According to Joseph Murphy, the author of The Power of Your Subconscious Mind, negative, self-sabotaging thoughts can block the flow of Universal Consciousness into your life. When this flow is blocked, you are more likely to attract negative experiences into your life.

In this article, we’ll explore specific methods you can use to reframe your thoughts for more positivity. 

Joseph Murphy: How to Reframe Your Thoughts

In his book The Power of Your Subconscious Mind, Murphy suggests five methods you can use to reframe your thoughts and train your subconscious mind to create positive experiences in your life:

  1. Choose thoughts that make you feel happy.
  2. Identify with what you want.
  3. Create automatic behavior using conscious repetition.
  4. Visualize what you want.
  5. Relax your mind to reduce interference from your conscious mind.

Method 1: Choose Thoughts That Make You Feel Happy

Murphy believes that you need to focus on thinking only positive thoughts if you want your subconscious mind to create positive experiences. But how can you know whether your habitual conscious thoughts are positive or not? According to Murphy, you just need to judge how you feel. If you feel happy and you have positive expectations about your life, you’re thinking positive thoughts. On the other hand, if you don’t feel good about your life experiences, you’re thinking negative thoughts.

(Shortform note: Research backs up Murphy’s claim that your thoughts and emotions are inextricably linked and confirms that positive thoughts make you feel happy. However, sometimes, it’s not so easy to force yourself to think happy thoughts. Fortunately, there is a way to trick your brain into believing that you’re happy: smiling. Neuroscience research reveals that smiling spurs a chemical reaction in the brain that releases specific hormones including dopamine and serotonin. These hormones increase your happiness and reduce your stress levels. In short, smiling makes you feel happy. When you feel happy, you’re more inclined to think positive thoughts that continue to make you feel happy.)

Method 2: Identify With What You Want

To develop positive expectations, Murphy suggests that you think only about what you want to experience. Instead of worrying about how you’ll achieve something, focus on the end results and imagine the gratitude you’ll feel once you have it. This process will set a clear direction for your subconscious mind to move towards.

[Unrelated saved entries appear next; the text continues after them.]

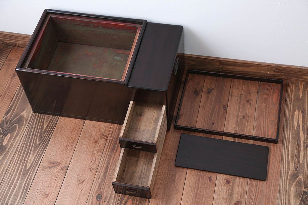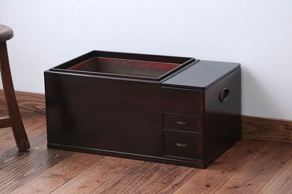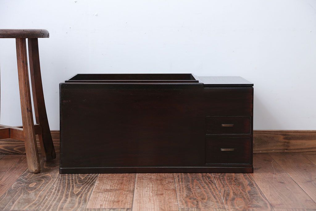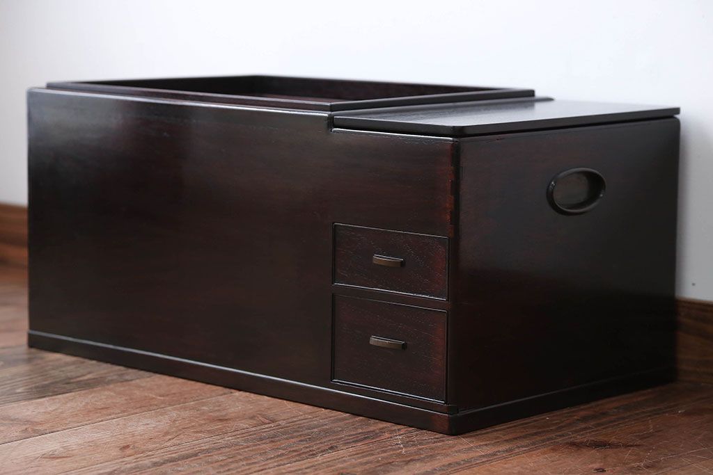 古民具・骨董 古い唐木材の上品でシックなアンティーク長火鉢です。
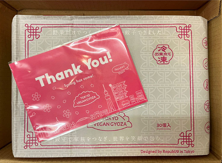 餃子が包まれているパッケージもビビッドピンクとライトグレーのカラーリングで洗練されたデザインです!お友達にも紹介したくなります。
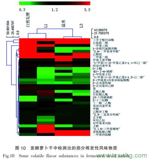 此外,4組蘿卜干中還含有少量的酸類、醇類和呋喃類。其中自然發(fā)酵組和接種L3發(fā)酵組分別檢測出2種和1種酸類物質(zhì),其它2組未檢測到酸類物質(zhì)。醇類物質(zhì)只有在自然發(fā)酵和接種L1發(fā)酵的蘿卜干中檢測出,其它兩組并未檢測出。醇類化合物具有芳香味、植物香和酸敗味等,許多代謝途徑參與了醇類物質(zhì)的生成,如甲基酮還原、氨基酸代謝和脂質(zhì)氧化。4組都含有的呋喃類是2-正戊基呋喃,它有一種果味,熟焦糖味和霉味。這些風(fēng)味物質(zhì)雖然含量和種類都很低,但對蘿卜干風(fēng)味的形成提供了巨大的價值。
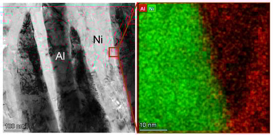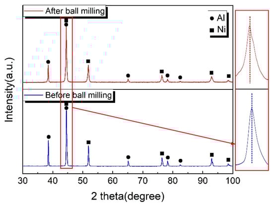 Mukasyan et al. [32] reported that the high-energy ball-milling treatment could refine the structure of the energetic materials. The fine structure can significantly decrease the ignition temperature and increase the activity of the Al/Ni composites, which is beneficial to the exothermic bonding of the SiCp/Al composites. Figure 3 shows the microstructure of the Al/Ni composites before and after the high-energy ball-milling treatment. It can be seen from the figure that the high-energy ball-milling treatment greatly changed the morphology and distribution of the Al and Ni powders. The raw powders in Figure 3a presented a spherical shape. Some particles aggregated together. After the ball-milling treatment, a large deformation occurred in the particles, forming the Al/Ni composite particles. Within the Al/Ni composite particle, a clear lamellar structure was observed. The white and dark-gray layers were Ni and Al, respectively. To examine the effect of the ball-milling process on the Al/Ni interface, the TEM analysis was employed. Figure 4 shows the TEM figure of the Al/Ni composite particle. The lamellar structure was clear. The thicknesses of the Ni and Al layers ranged from 50 nm to 200 nm. To discover more details, the Al/Ni interface was enlarged. The corresponding elemental mapping figure indicated the Al/Ni interface was sharp. Only a narrow Al-Ni mixed zone was detected, which meant that no chemical reactions occurred between the Al and Ni. Figure 5 shows the XRD results of the Al/Ni powders before and after the ball-milling treatment. Only Ni and Al peaks were detected in the curves. It should be noted that after the ball-milling treatment, the locations of the peaks shifted slightly to the left, which was due to the refinement of the materials.
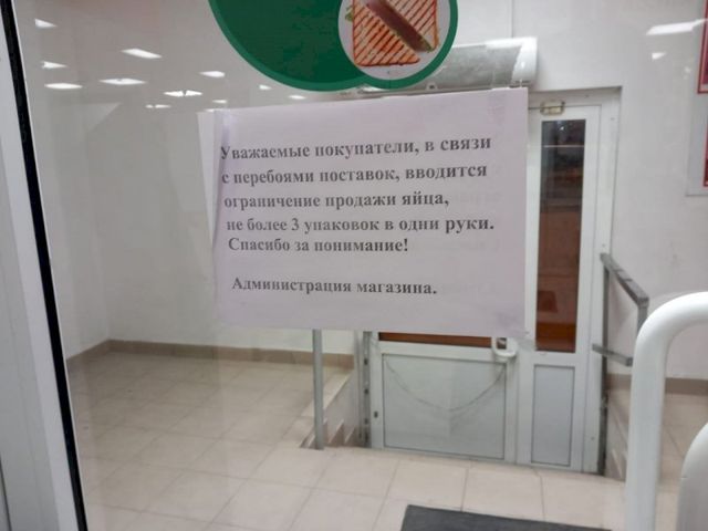 Аналогичные ограничения ввели в сети «Бристоль». Как следует из объявления в магазинах, ограничения введены в связи с «перебоями» с поставками яиц. Ограничения ввели и в фирменных магазинах одного из главных производителей яиц в регионе — птицефабрике «Свердловская». Там продают не более 100 штук в одни руки.
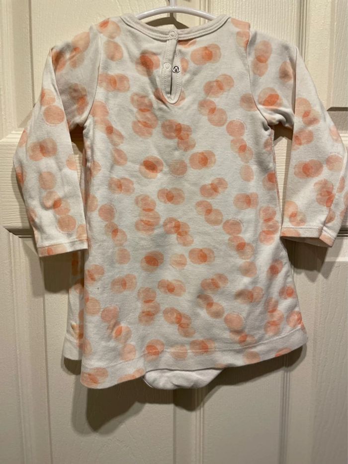 Jolie robe à manches longues en coton blanc pois abricot / body intégré Petit bateau 18 mois En très bon état
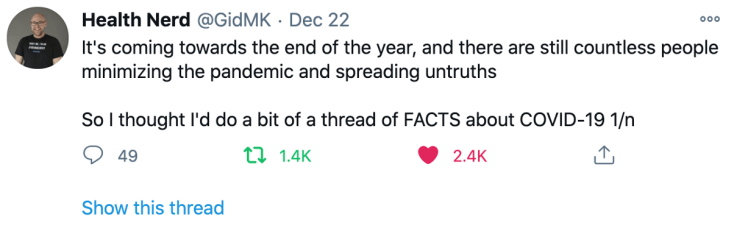 - 20 Facts About COVID-19 (Gideon M-K; HealthNerd). Health Nerd, una fuente muy autorizada, resume lo que (creemos) que realmente sabemos de SARS-CoV-2 y Covid-19. @GidMK lo resume en uno de los mejores hilos de twitter de la temporada
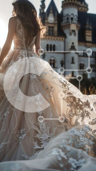 Υπάρχει δυνατότητα προσωποποίησης με δική σας φωτογραφία και προσαρμογής διαστάσεων κατόπιν παραγγελίας. Το συγεκεριμενο puzzle παρουσιαζει Η εικόνα απεικονίζει μια γυναίκα να φορά ένα κομψό νυφικό και να στέκεται μπροστά σε ένα κάστρο. Το πίσω μέρος του φορέματός της φαίνεται, υποδηλώνοντας κίνηση. Μπορεί να δείχνει ότι η νύφη είναι έτοιμη να περπατήσει στο διάδρομο. Ένα μοναδικό puzzle που συνδυάζει ποιότητα, α
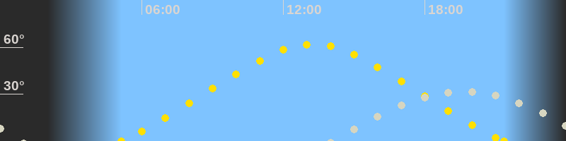 | Höchster Sonnenstand (Kulmination) | 13:15 Uhr (h = 61.9°) |

(Shortform note: Like Murphy, Wattles (The Science of Getting Rich), argues that you shouldn’t worry about how to achieve what you want. Instead, just expect everything to work out in your favor. Wattles suggests that imagining your desired end result and practicing gratitude in advance of receiving what you want not only sends a clear message to the universe, but it also keeps you from becoming dissatisfied with your current life experiences. This is because, when you imagine feeling grateful for something you don’t yet have, you feel positive regardless of what’s actually happening in your life. The more positive you feel, the more likely you are to adopt behaviors that move you closer to what you want.)   

Murphy suggests that you use this method to improve your thinking about any area of your life:


Imagine the freedom you’ll feel and all of the opportunities you’ll embrace once you’re free from your addiction. According to Murphy, the more you focus on the benefits of releasing your addiction, the less likely you’ll be to give in to your urges.


Focus on your partner’s best qualities and take the time to offer praise. If you’re looking for a partner, Murphy suggests that you think about what type of person you want to be with, how you’ll spend your time together, and how this person will make you feel.


Trust that every problem comes with a solution and imagine how you’ll feel once you’ve figured it out. According to Murphy, Universal Consciousness has access to all of the answers—your positive expectation gives you access to these answers.


Consider how you’d like other people to think about you. Now think about them in this way regardless of how they behave. For example, if you’d like people to treat you with more respect, then you need to think respectful thoughts about others. Murphy argues that people will intuitively pick up on your positive thoughts and, as a result, their behaviors toward you will improve.


Decide on how you’ll enjoy spending the wealth you want. Murphy claims that imagining how comfortable you’ll feel with more money will prime your subconscious to create wealth.

Method 3: Create Automatic Behavior Using Conscious Repetition

Recall: Murphy argues that your subconscious mind learns from repetition. When you first try to change your habitual conscious thoughts, you’ll need to apply conscious effort to think positively. But, with repetition, your positive thoughts will eventually imprint upon your subconscious mind to form positive beliefs and outweigh any negative and outdated beliefs. As a result, your subconscious mind will influence you to think and behave in positive ways without conscious effort.

For example, if you have social anxiety, improve your self-confidence by repeatedly thinking kinder thoughts about yourself. Over time, you’ll replace your anxious thoughts with more compassionate thoughts. This will increase your self-confidence and allow you to enjoy socializing with others.

(Shortform note: While it’s true that repetition leads to automatic behavior, opinions vary on exactly how long it takes for your subconscious mind to become accustomed to your new thoughts. Research studies reveal that it can take between 18 and 254 days, or an average of 66 days, for habits to become automatic. The timeline depends on how consistently you practice your new habits—the more often you consciously practice thinking your chosen thoughts, the quicker your subconscious mind will align with these new thoughts.)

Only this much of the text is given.